Output the listing below verbatim, but drop the images.

Stored data »
——————

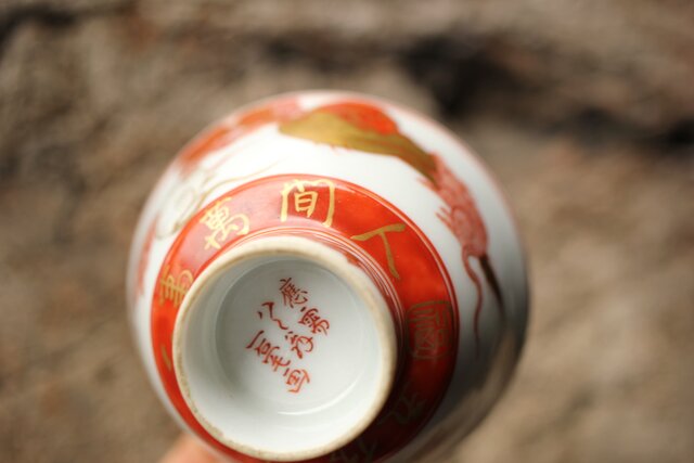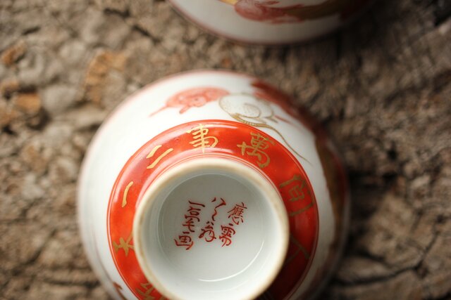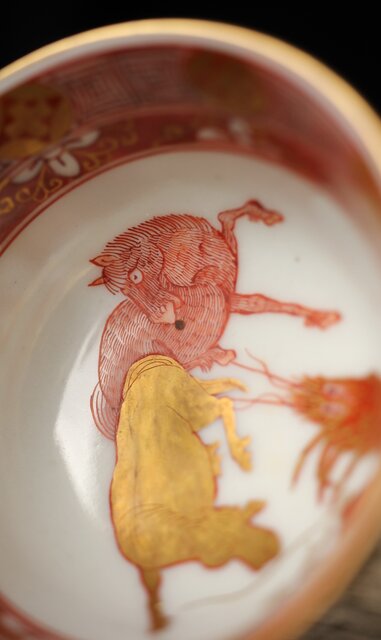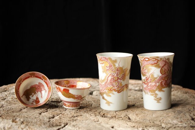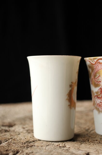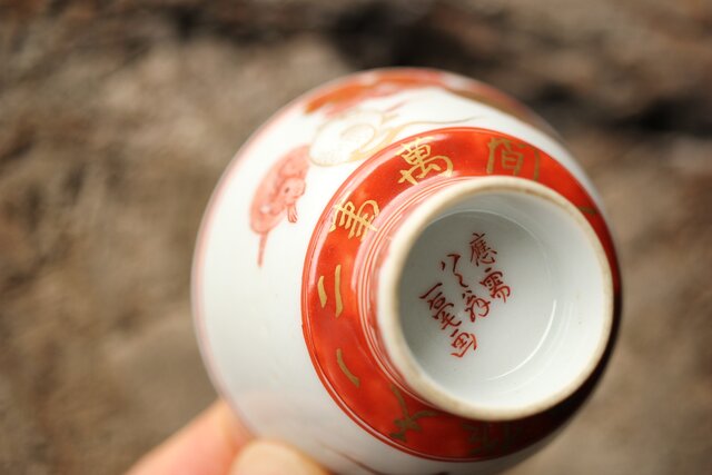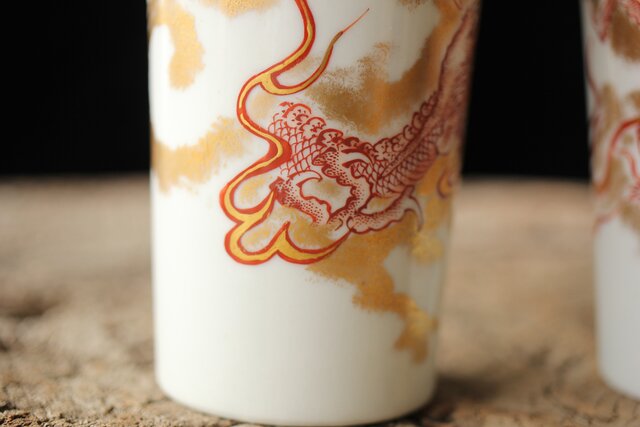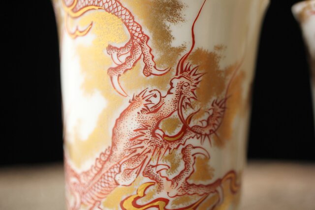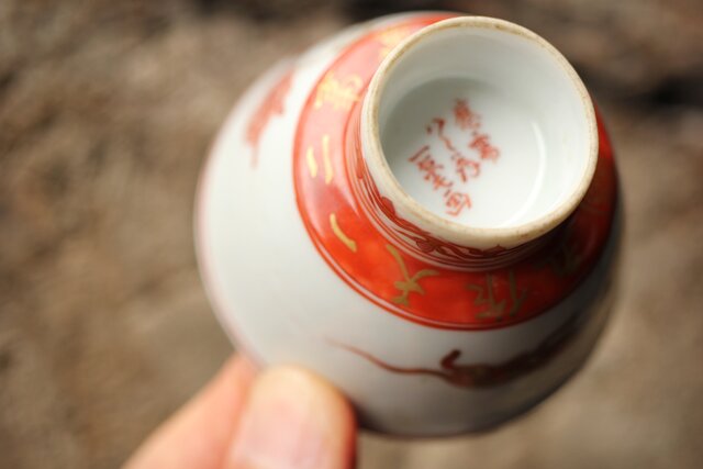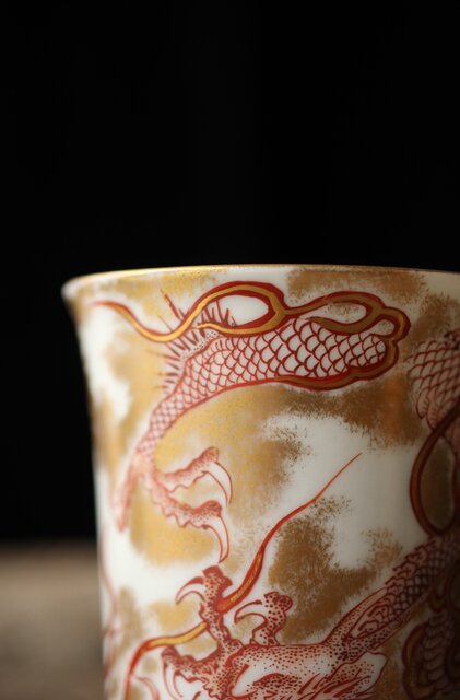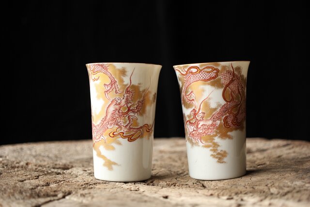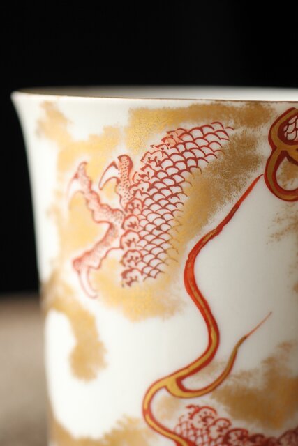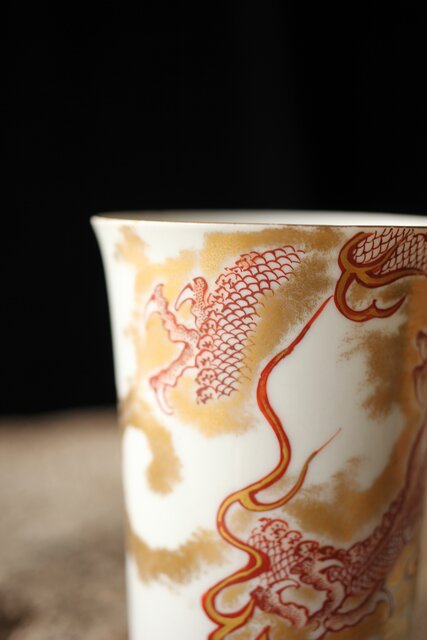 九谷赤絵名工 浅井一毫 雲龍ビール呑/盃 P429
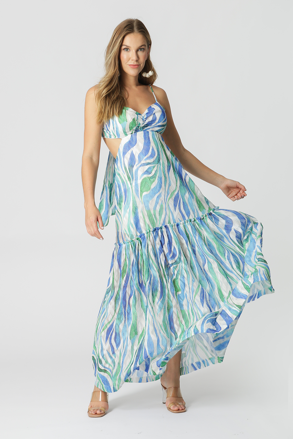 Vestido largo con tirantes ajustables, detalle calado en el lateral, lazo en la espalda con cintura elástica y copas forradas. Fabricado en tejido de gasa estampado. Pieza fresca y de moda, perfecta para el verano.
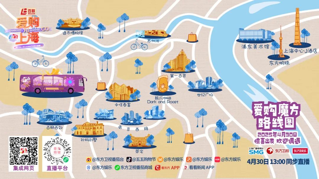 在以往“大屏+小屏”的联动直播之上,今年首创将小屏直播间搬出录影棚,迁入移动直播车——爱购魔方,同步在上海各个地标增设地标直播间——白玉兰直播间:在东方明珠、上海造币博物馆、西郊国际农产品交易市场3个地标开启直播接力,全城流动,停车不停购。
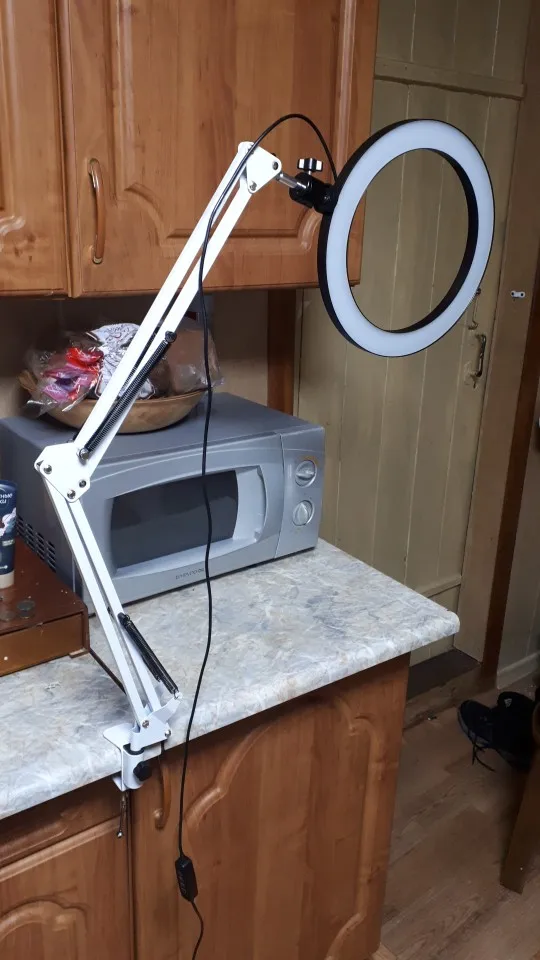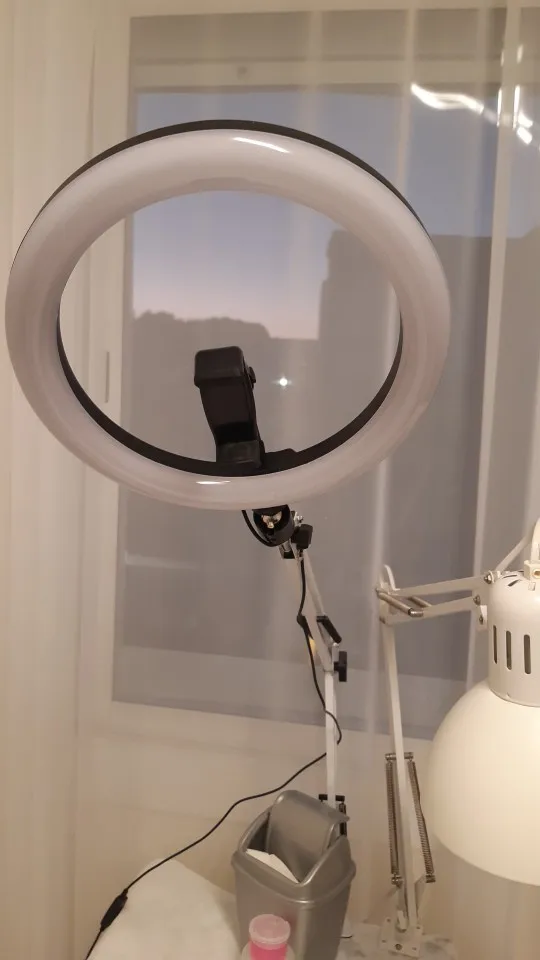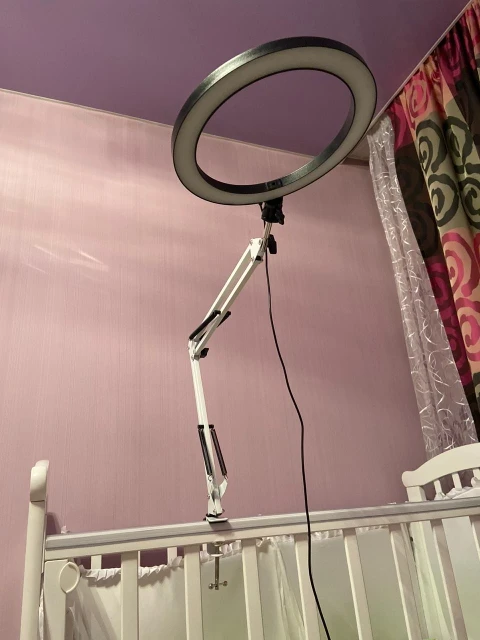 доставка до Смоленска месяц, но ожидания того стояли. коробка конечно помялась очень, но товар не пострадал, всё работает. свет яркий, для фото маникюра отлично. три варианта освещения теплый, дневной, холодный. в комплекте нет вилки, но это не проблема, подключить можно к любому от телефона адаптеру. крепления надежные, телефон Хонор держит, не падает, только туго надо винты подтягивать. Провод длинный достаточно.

——————

Result of the exercise »
 九谷赤絵名工 浅井一毫 雲龍ビール呑/盃 P429
 Vestido largo con tirantes ajustables, detalle calado en el lateral, lazo en la espalda con cintura elástica y copas forradas. Fabricado en tejido de gasa estampado. Pieza fresca y de moda, perfecta para el verano.
 在以往“大屏+小屏”的联动直播之上,今年首创将小屏直播间搬出录影棚,迁入移动直播车——爱购魔方,同步在上海各个地标增设地标直播间——白玉兰直播间:在东方明珠、上海造币博物馆、西郊国际农产品交易市场3个地标开启直播接力,全城流动,停车不停购。
 доставка до Смоленска месяц, но ожидания того стояли. коробка конечно помялась очень, но товар не пострадал, всё работает. свет яркий, для фото маникюра отлично. три варианта освещения теплый, дневной, холодный. в комплекте нет вилки, но это не проблема, подключить можно к любому от телефона адаптеру. крепления надежные, телефон Хонор держит, не падает, только туго надо винты подтягивать. Провод длинный достаточно.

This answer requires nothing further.